Всю ночь не спал. Душно. После дождя солнце так припекло землю, что в окно камеры дует с поля влажным жаром, точно из бани. В небе серпиком торчит четвертинка луны, похожая на рыжие усы Попова.
Всю ночь вспоминал жизнь мою. Что еще делать? Как в щель смотрел, а за щелью — зеркало, и в нем отражено, застыло пережитое мною.
Вспомнил Леопольда, первого наставника моего. Маленький голодный еврейчик, гимназист. Мне было в то время девятнадцать лет, а он года на два или на три моложе меня. Чахоточный, в близоруких очках, рожица желтая, нос кривой и докрасна затек от тяжелых очков. Показался он мне смешным и трусливым, как мышонок.
Тем более удивительно было видеть, как храбро и ловко он срывает покровы лжи, как грызет внешние связи людей, обнажая горчайшую правду бесчисленных обманов человека человеком.
Был он из тех, которые родятся мудрыми стариками, и был неукротимо яростен в обличении социальной лжи. Даже дрожал от злости, оголяя пред нами жизнь, — точно ограбленный поймал вора и обыскивает его.
Мне, веселому парню, неприятно было слушать его злую речь. Я был доволен жизнью, не завистлив, не жаден, зарабатывал хорошо, путь свой я видел светлым ручьем. И вдруг чувствую: замутил еврейчик мою воду. Обидно было: я, здоровый русский парень, а вот эдакий ничтожный чужой мальчишка оказывается умнее меня; учит, раздражает, словно соль втирая в кожу мне.
Сказать против я ничего не умел, да и было ясно: Леопольд говорит правду. А сказать что-нибудь очень хотелось. Но ведь как скажешь: «Всё это — правда, только мне ее не нужно. Своя есть»?
Теперь понимаю: скажи я так, и вся моя жизнь пошла бы иным путем. Ошибся, не сказал. Пожалуй, именно потому не решился выговорить свои слова, что уж очень неприятно было: сидят четверо парней, на подбор молодцы, а глупее хворенького галчонка.

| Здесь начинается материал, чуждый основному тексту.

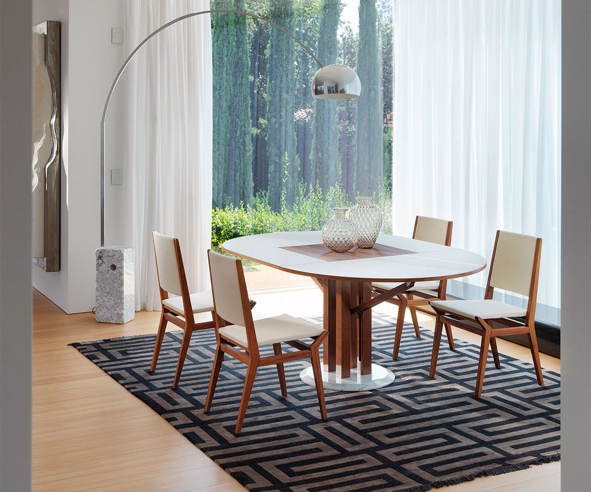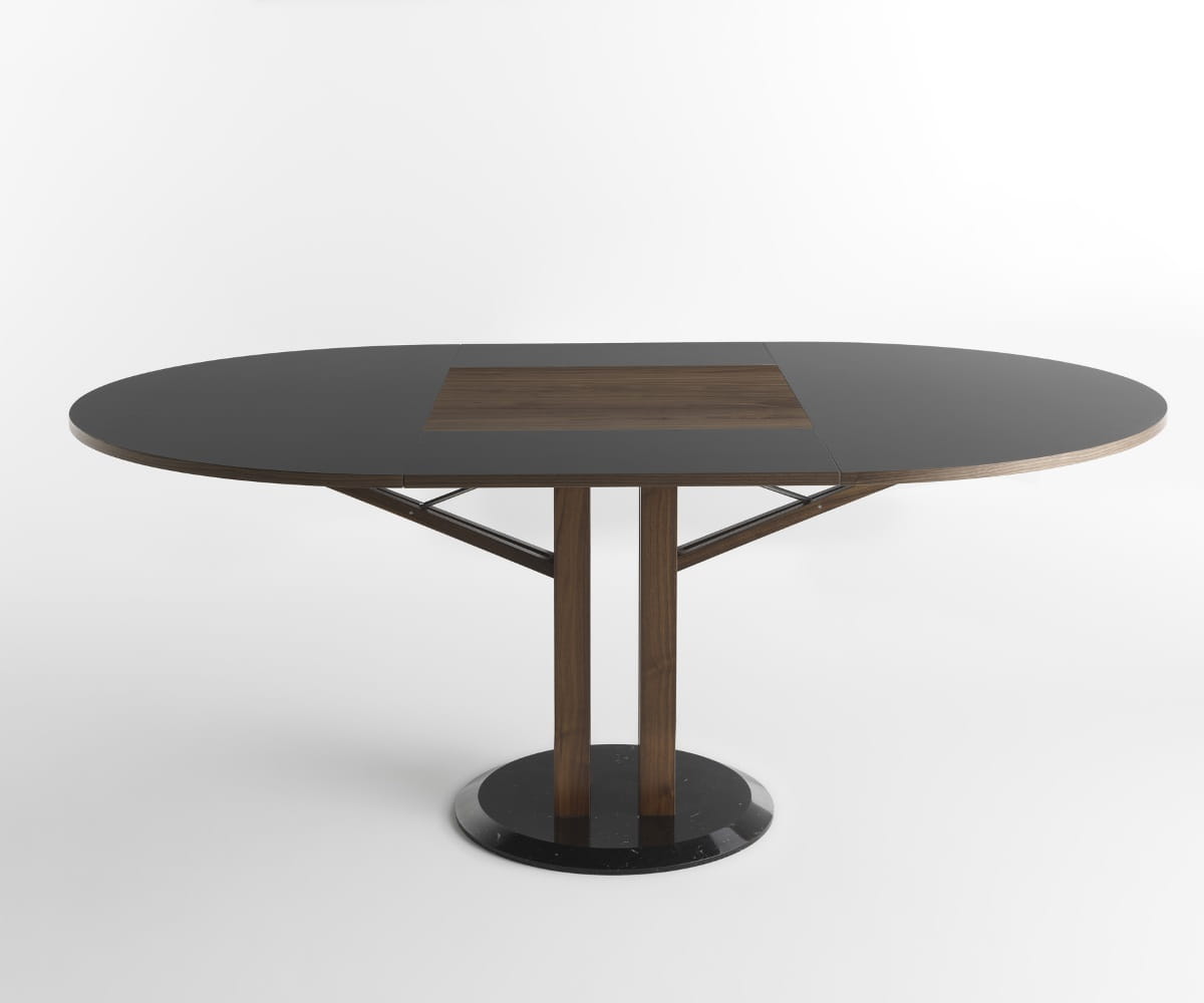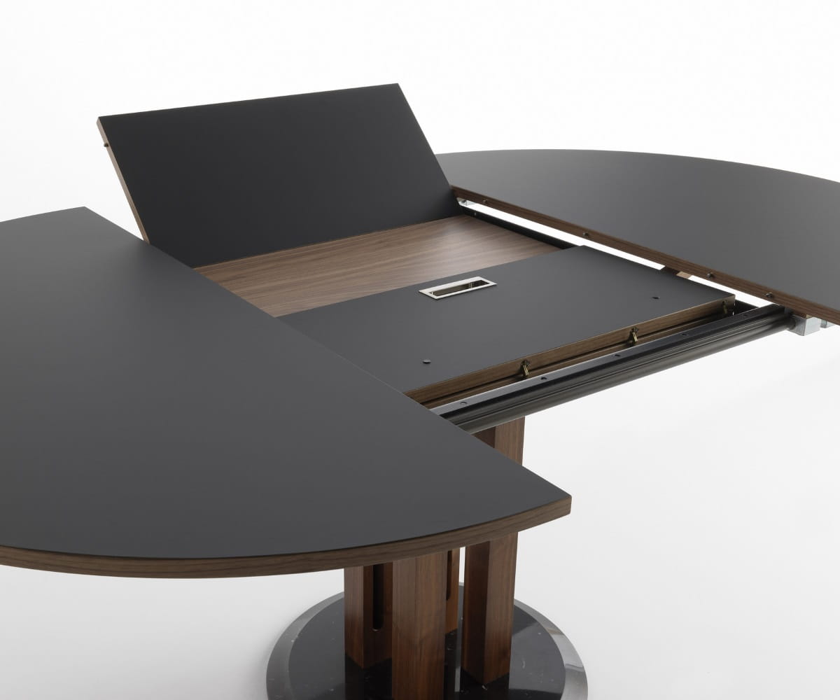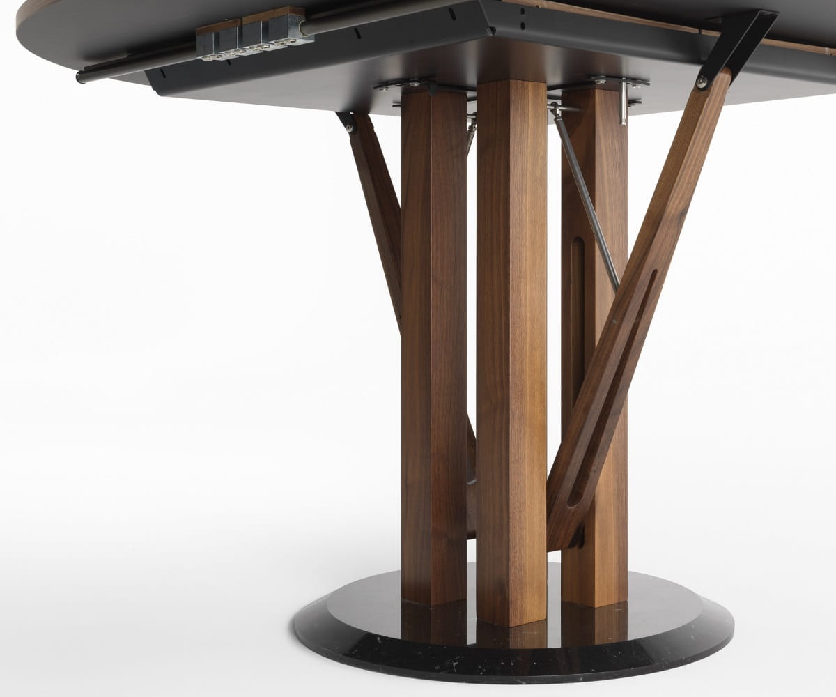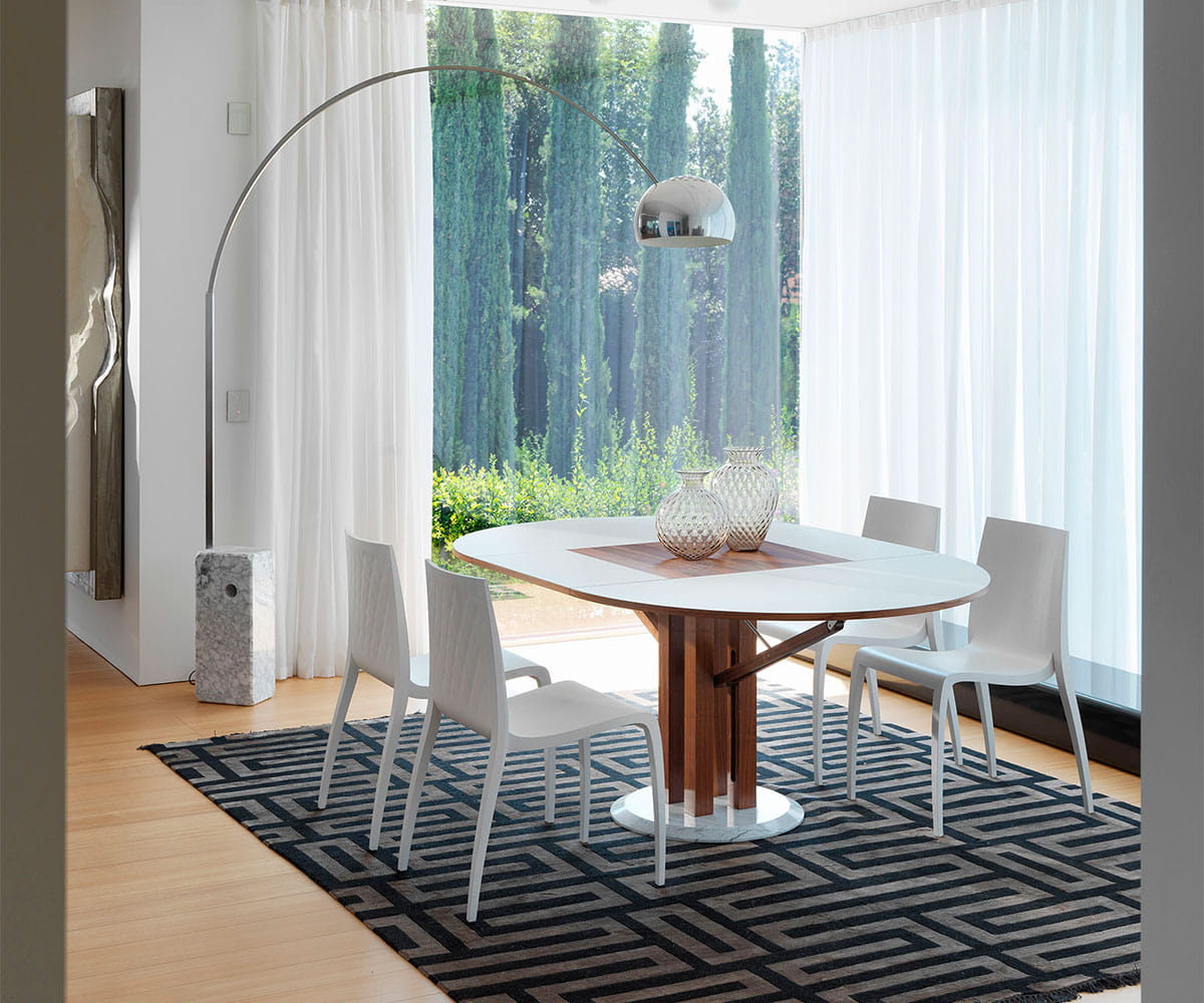 stół Flower włoskiej marki Horm jest efektem ekscytującej współpracy z dwoma mistrzami światowego designu, która zrodziła się z wyzwania: stworzenia rozkładanego okrągłego stołu, który byłby piękny zarówno zamknięty, jak i otwarty. Płaskie powierzchnie przesuwają się bez użycia prowadnic, dzięki rozwiązaniu technicznemu, które jest jednocześnie estetyczne: ruchomemu ramieniu przypominającemu rzymski dźwig. Przedłużenie stołu wysuwa się i otwiera jak kwitnący kwiat, pokazując, że estetyka jest naturalnym wynikiem dobrego projektu, stworzonego w wyniku technicznego poszukiwania prostoty i funkcjonalności.

Торговля нашего города почти вся была в руках евреев, и поэтому их весьма не любили. Конечно, и я не имел причин относиться к ним лучше, чем все. Когда Леопольд ушел, я стал высмеивать товарищей: нашли учителя! Но Зотов, скорняк, который завел всю эту машину, озлился на меня, да и другие — тоже. Они уже не первый раз слушали Леопольда и довольно плотно притерлись к нему.

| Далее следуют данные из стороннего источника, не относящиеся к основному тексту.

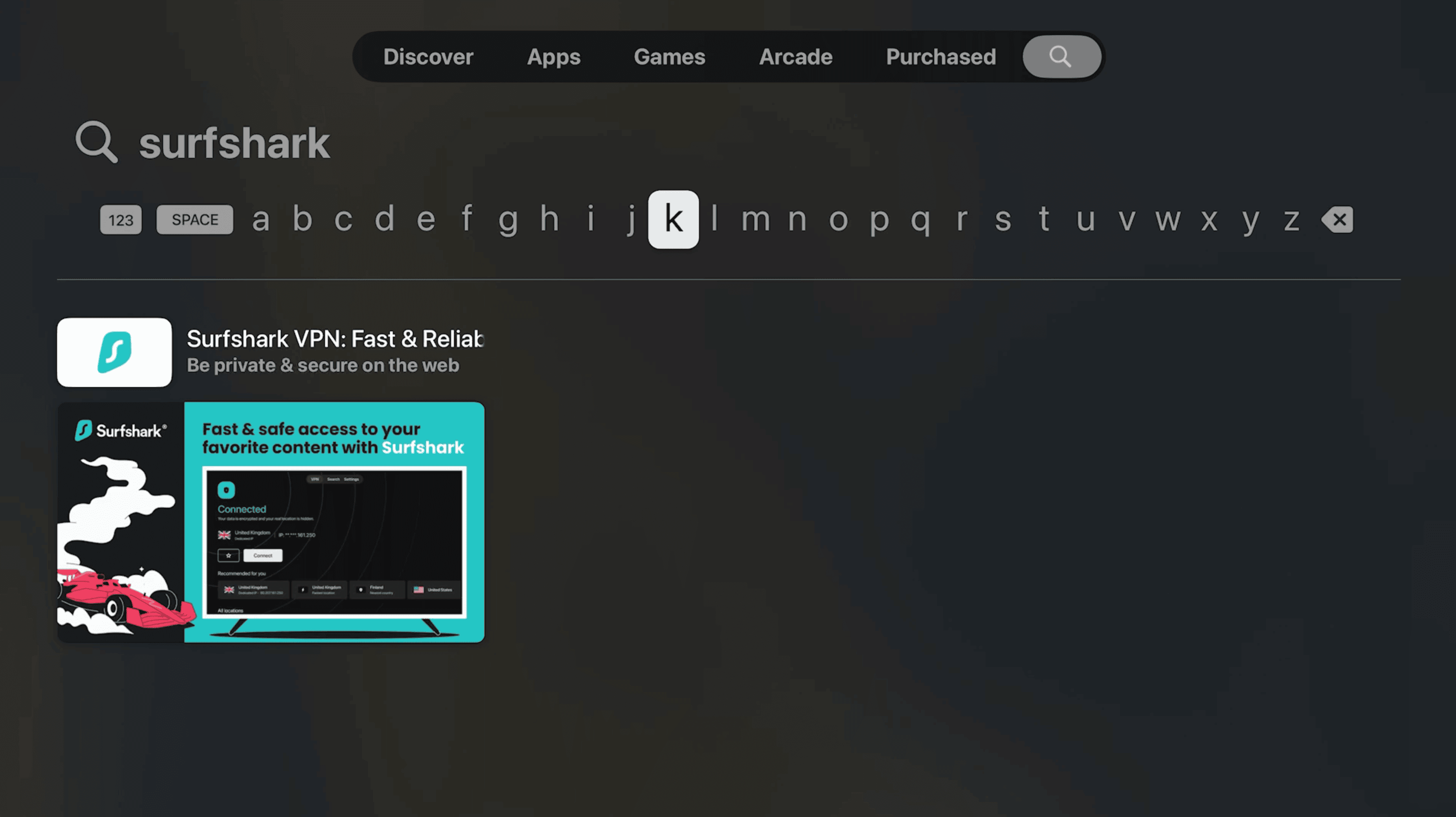 Open the App Store on your Apple TV and search for the VPN you want to download. In our case, we typed “surfshark” into the search bar. Click on the app, then follow the directions onscreen to download and install it on your smart TV.
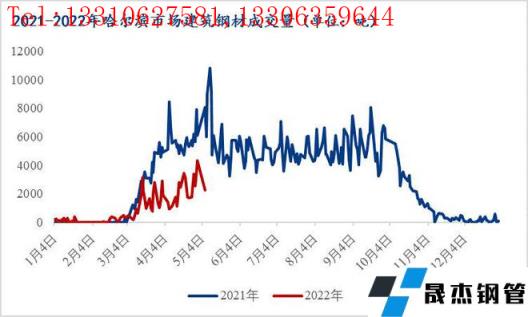 4月哈爾濱市場螺線成交量日均值在2233噸,同比減少3521噸減幅61%,今年成交高值在4330噸,去年成交高值在7900噸。疫情管控下,下遊需求啟動緩慢,同時商家對於後期預期較弱扣貨意願較低,市場成交活躍度大大低於常態。

Подумав, я тоже решил поступить в обработку пропагандиста, но поставил себе цель сконфузить Леопольда, как-нибудь унизить его в глазах товарищей; это уже не только потому, что он еврей, а потому что трудно было мне помириться с тем, что правда живет и горит в таком хилом, маленьком теле. Тут, конечно, не эстетика, а, так сказать, органическая подозрительность здорового человека, который боится заразы.
На этой игре я и запутался, на этом и проиграл себя. Уже после двух, трех бесед правда социализма стала мне так близка, так ясна, как будто я сам создал ее. Теперь я думаю, что тут запуталась одна ядовитая и тонкая штучка, которую я — сгоряча и по молодости моей — не заметил. Доказано, что по закону естества разума мысль рождается фактами. Разумом я принял социалистическую мысль как правду, но факты, из которых родилась эта мысль, не возмущали моего чувства, а факт неравенства людей был для меня естественным, законным. Я видел себя лучше Леопольда, умнее моих товарищей; еще мальчишкой я привык командовать, легко заставлял подчиняться мне, и вообще у меня не было чего-то необходимого социалисту — любви к людям, что ли? Не знаю — чего. Проще говоря: социализм был не по росту мне, не то — узок, не то — широк. Я много видел таких социалистов, для которых социализм — чужое дело. Они похожи на счетные машинки, им всё равно, какие цифры складывать, итог всегда верен, а души в нем нет, одна голая арифметика.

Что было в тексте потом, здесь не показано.